▼
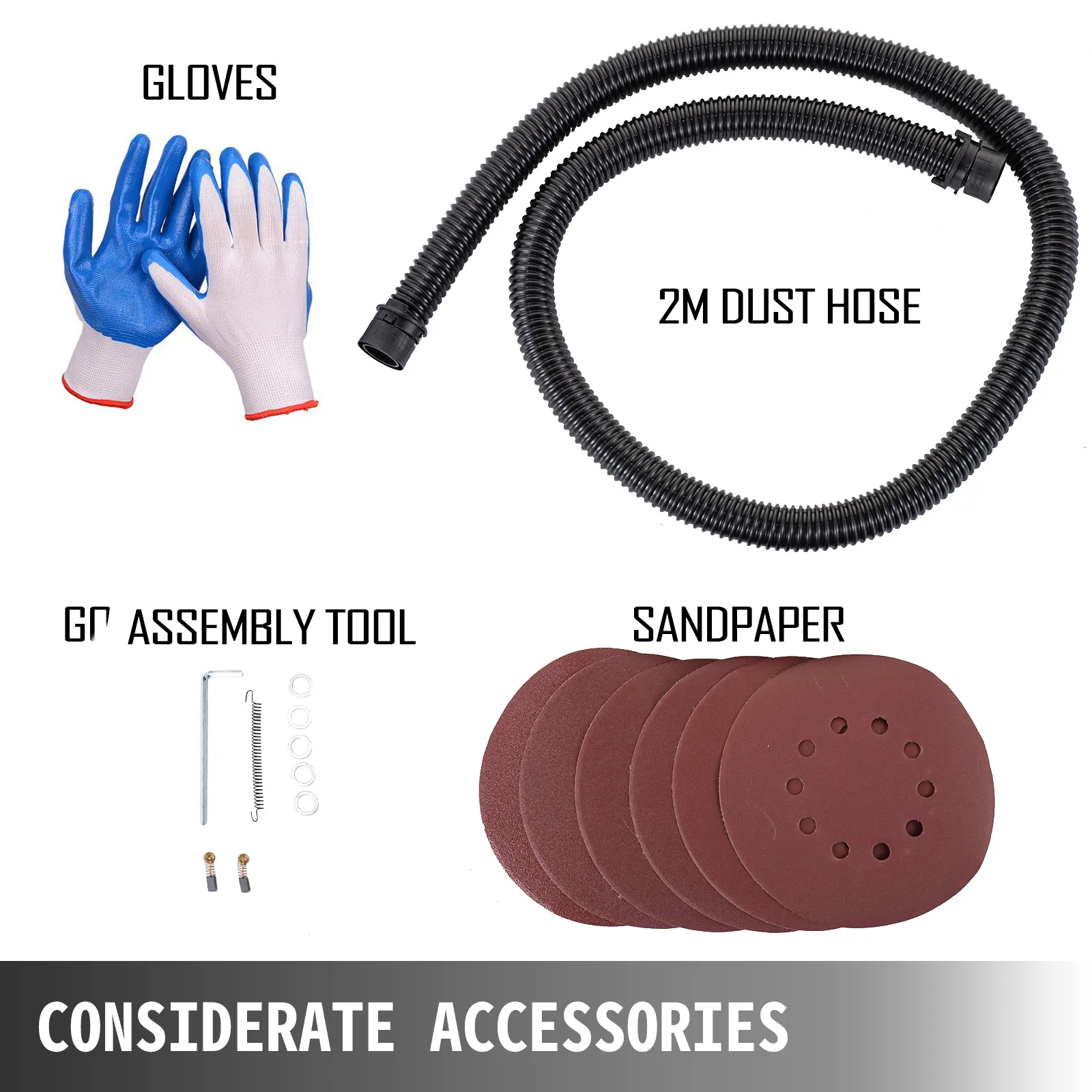- 1 X Kit of accessories(gloves, dust hose, sandpapers, carbon brushes, assembly tool)
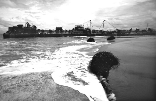 Tiwani Contemporary is the latest art space in London devoted to contemporary African art. Affiliated with the non-profit Centre for Contemporary Art (CCA) in Lagos, Tiwani promises to connect artists in Nigeria with buyers in London. "The Tie That Binds Us," a group show which collects five artists, opened in December 2011. These artists, all Nigerian and Nigerian-British, work across a range of different media. Lawson Okeyan's plaster ceramic eggs are intriguing and pleasing, though placed too close to the floor for inspection. Adolphus Opara's Shrinking Shorelines series (above: 'Shrinking Shorelines No. 5'), poised between art photography and photojournalism, draw wrecked machines against the clear lines of beach, sea and sky. The oil-black ink of these elegant monochrome images is a dark reminder of the industrial contamination threatening the Nigerian landscape. The exhibition also features Mary Evans' works on paper and a video piece and a Lagos soundscape by Emeka Ogbod.
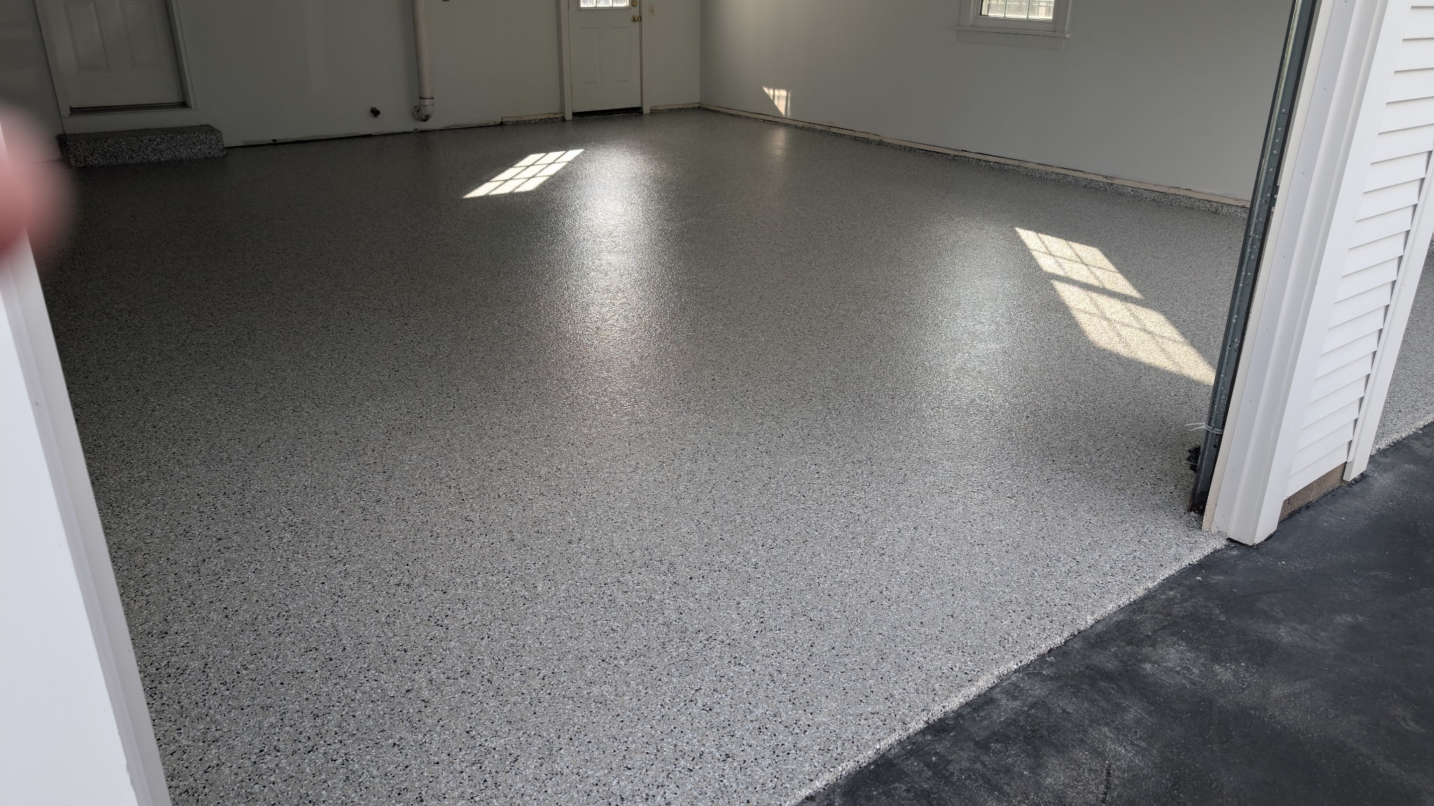 Fresh epoxy floors turned this Mendon, NY garage into a clean, organized space that’s ready for cars, tools, and weekend projects.
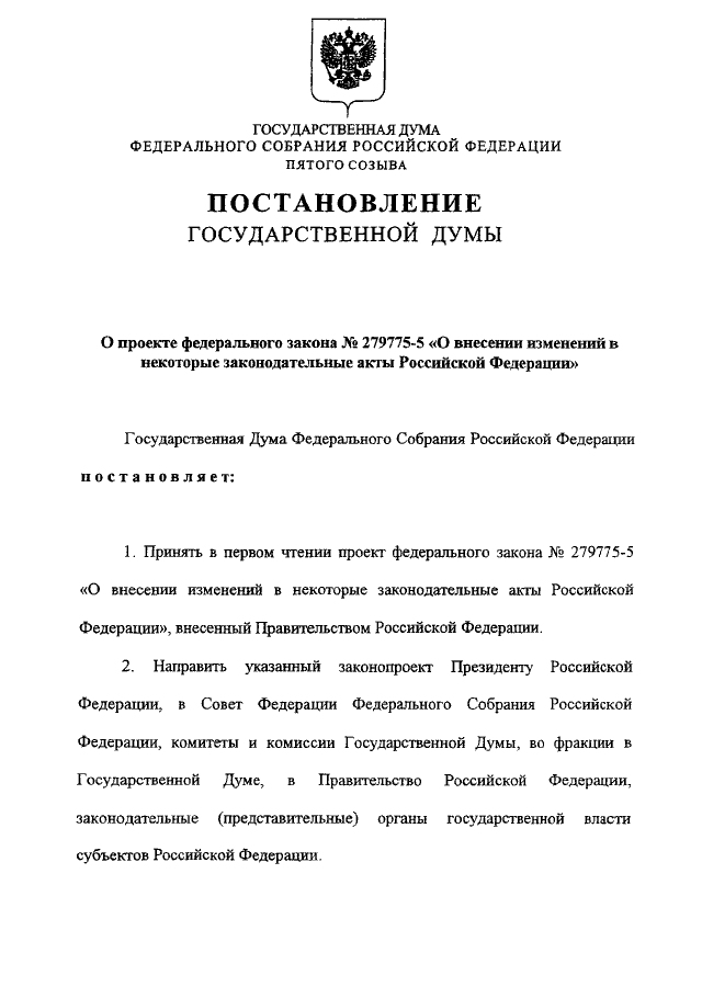 "О ПРОЕКТЕ ФЕДЕРАЛЬНОГО ЗАКОНА N 279775-5 "О ВНЕСЕНИИ ИЗМЕНЕНИЙ В НЕКОТОРЫЕ ЗАКОНОДАТЕЛЬНЫЕ АКТЫ РОССИЙСКОЙ ФЕДЕРАЦИИ"
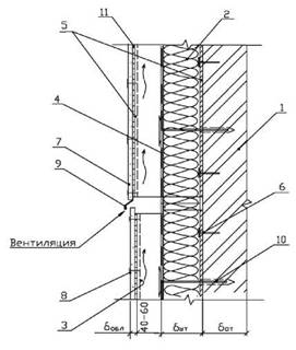 5.11.2. При трехслойной конструкции утепления стен рекоменду]ется выполнять следующие условия:
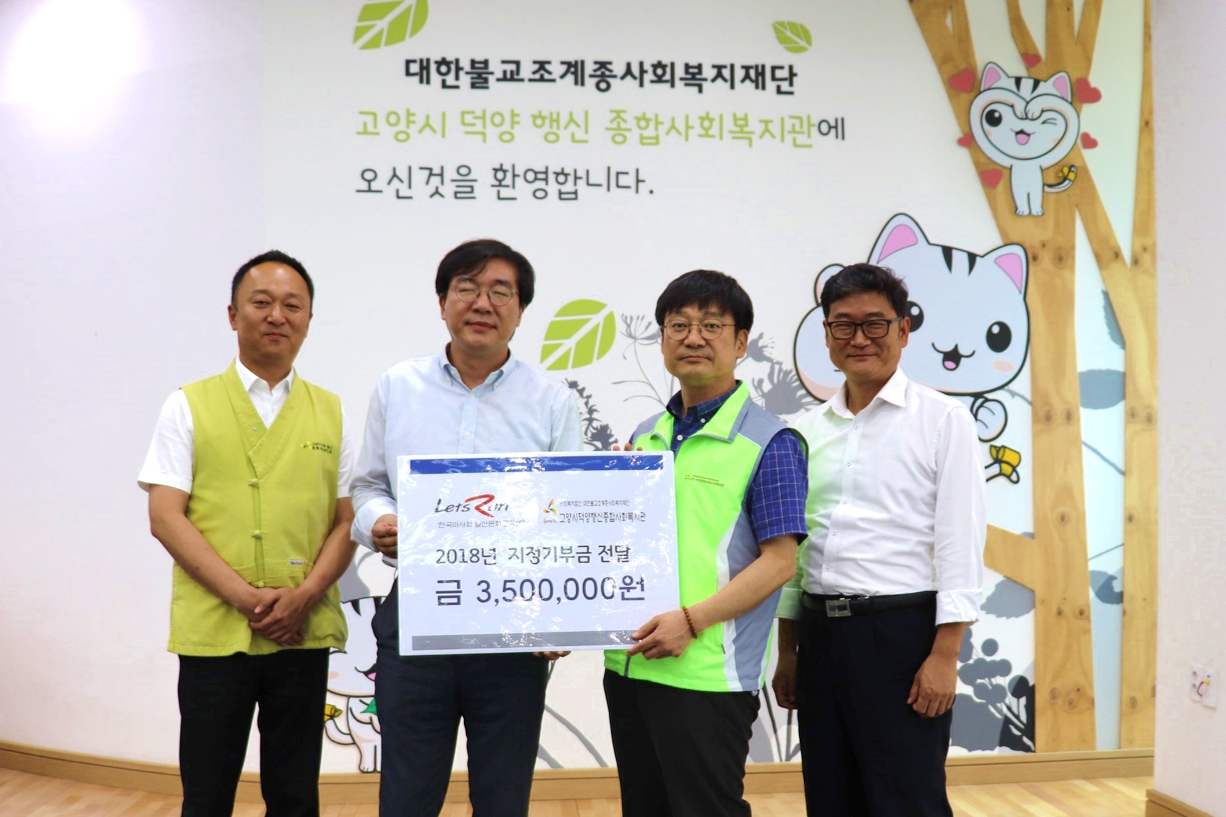 [고양신문] 대한불교조계종사회복지재단이 위탁 운영하는 고양시덕양행신종합사회복지관(관장 강영규)에서는 지난 7월 27일 한국마사회 일산문화공감센터(센터장 박진우)와 기부금 전달식을 진행했다. 이날 한국마사회 일산문화공감센터가 전달한 기부금은 총 350만원으로 덕양행신종합복지관이 지역 내 여성 어르신을 대상으로 문화 여가생활을 즐길 수 있는 공예프로그램으로 진행할 예정이다.
▲
> _TASK PROMPT_
Give again the lines from the line that contains "ПРОЕКТЕ ФЕДЕРАЛЬНОГО ЗАКОНА" through the last line of the material above, exactly and with both ends included. Omit the pictures.

> _RESPONSE AREA_
 "О ПРОЕКТЕ ФЕДЕРАЛЬНОГО ЗАКОНА N 279775-5 "О ВНЕСЕНИИ ИЗМЕНЕНИЙ В НЕКОТОРЫЕ ЗАКОНОДАТЕЛЬНЫЕ АКТЫ РОССИЙСКОЙ ФЕДЕРАЦИИ"
 5.11.2. При трехслойной конструкции утепления стен рекоменду]ется выполнять следующие условия:
 [고양신문] 대한불교조계종사회복지재단이 위탁 운영하는 고양시덕양행신종합사회복지관(관장 강영규)에서는 지난 7월 27일 한국마사회 일산문화공감센터(센터장 박진우)와 기부금 전달식을 진행했다. 이날 한국마사회 일산문화공감센터가 전달한 기부금은 총 350만원으로 덕양행신종합복지관이 지역 내 여성 어르신을 대상으로 문화 여가생활을 즐길 수 있는 공예프로그램으로 진행할 예정이다.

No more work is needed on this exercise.